I was wondering if any museums has thought about using a fireless steam locomotive? They would still need a steam source,but I would think a stantionary boiler would be cheaper and easyer to maintain. Could a steam/water tank be mounted on a normal steam locomotive’s frame,wheels and cylinders?
I don’t know if any museums use fireless steam locomotives.
As for conversion to fireless?
Well, I know of examples where coal burners have been converted to run on biodiesel (Ex: Disneyland Railroad in Anaheim, CA.) and natural gas (Ex: Knott’s Berry Farm in Buena Park, CA.).
Fireless locomotive’s were typically used around industrial sites where there was a more than generous supply of plant steam available. I think you’d need a whompin’ big stationary boiler to charge up a fireless.
Altering a conventional steam locomotive to fireless operation doesn’t sound that practical. It’d also ruin the historic fabric (for lack of a better term) of the converted locomotive.
However, sometimes the opposite it done. Years back there was a 15" gauge railroad in Washington state that was pulled by a compressed air locomotive converted to live steam. That short tourist road died with the owner unfortunately, but the locomotive is still in existance as a museum exhibit.
The idea would be to use a locomotive that already was missing the boiler or other major parts that would not permit it to be put on display. in other words was headed to be scrapped.
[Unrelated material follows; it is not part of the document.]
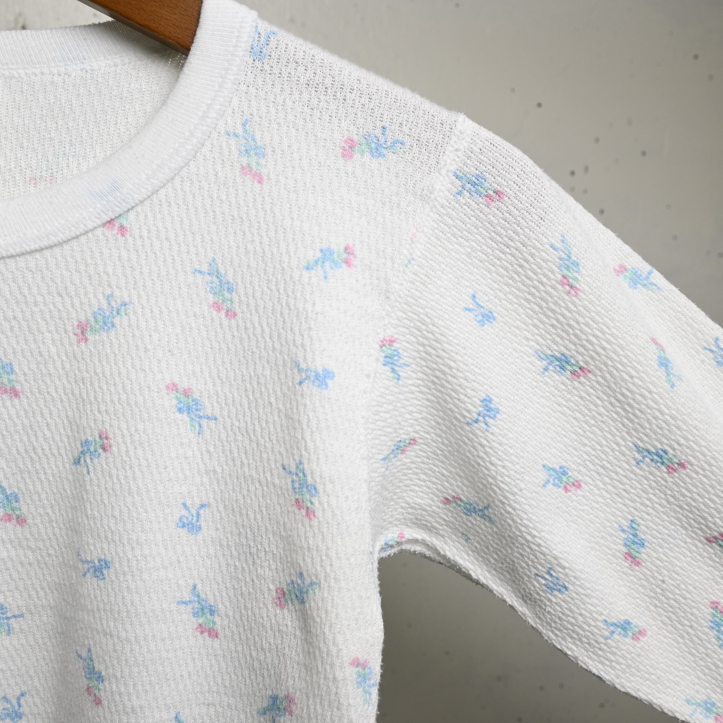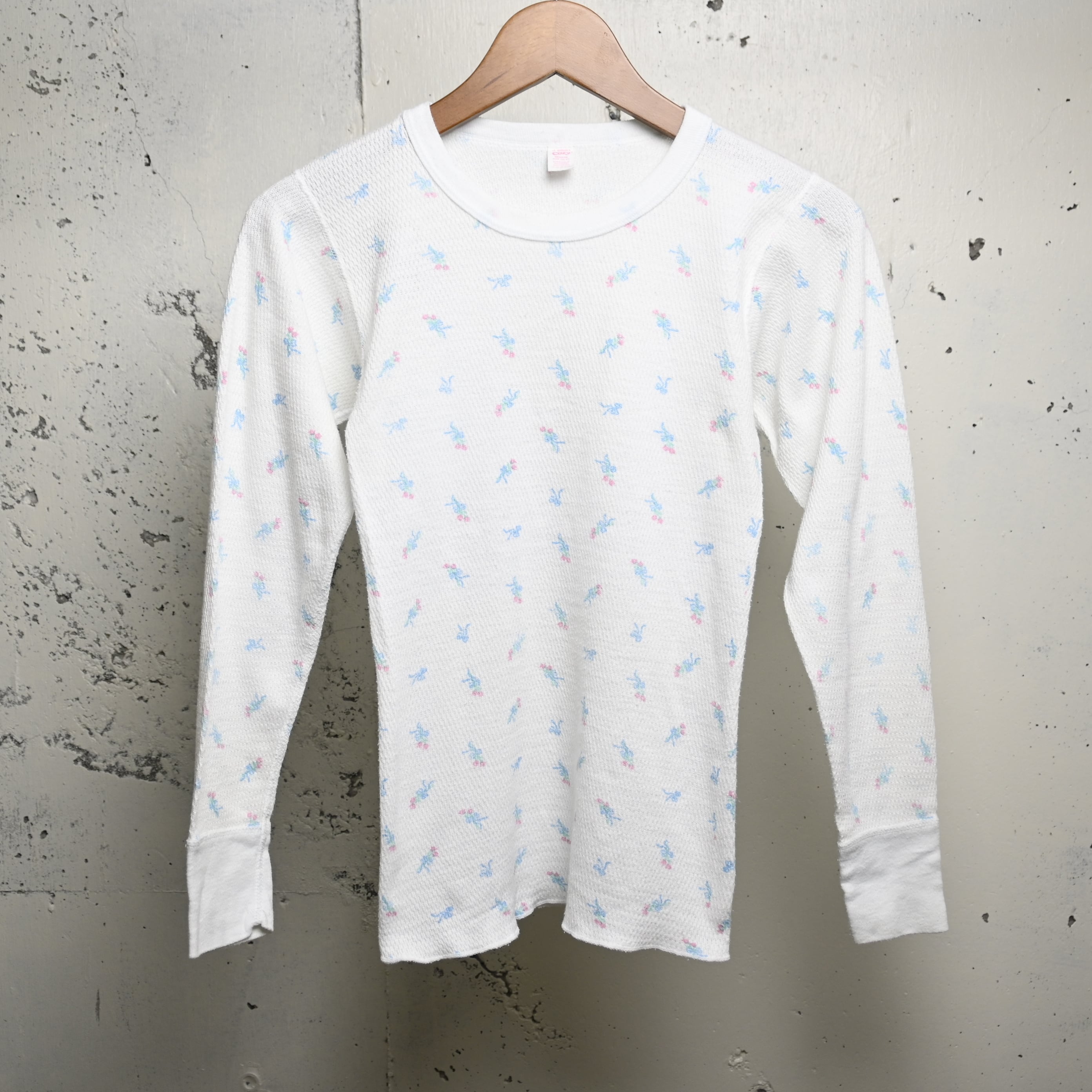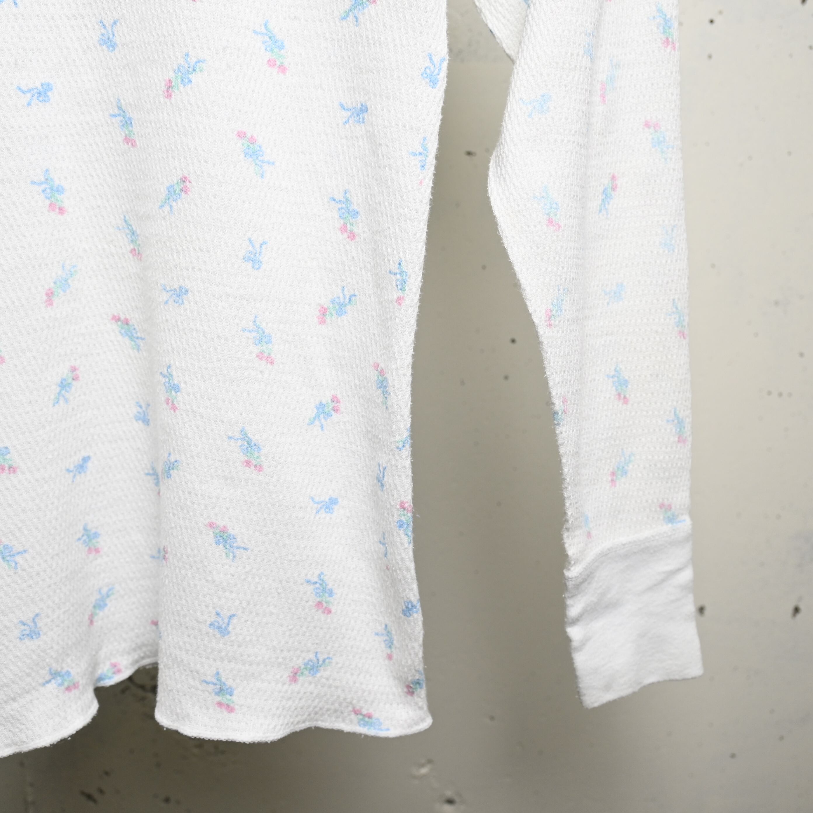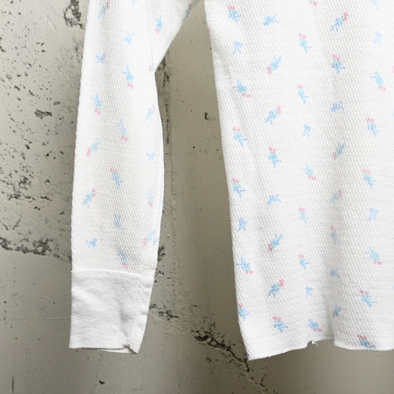[ M ] J.E.MORGAN COZY 80s USA製 Flower Pattern L/S Thermal Shirt , White

That sounds plausible. I’d wonder if it would also be possible to run such a locomotive on compressed air, assuming it was small enough. Any steam engine is also capable on running with compressed air in lieu of steam.
I know it’s phoney and kinda hokey, but it has occurred to me that a diesel or gas engine driving an air compressor could be hidden in the tender to supply air to the boiler. Sometimes my mind worries me.
There was one compressed air locomotive in use in New Orleans back in the 1920’s. The water board used it to switch chlorine cars at their plant. It was compound and ran at 1000psi. I have pictures of it somewhere.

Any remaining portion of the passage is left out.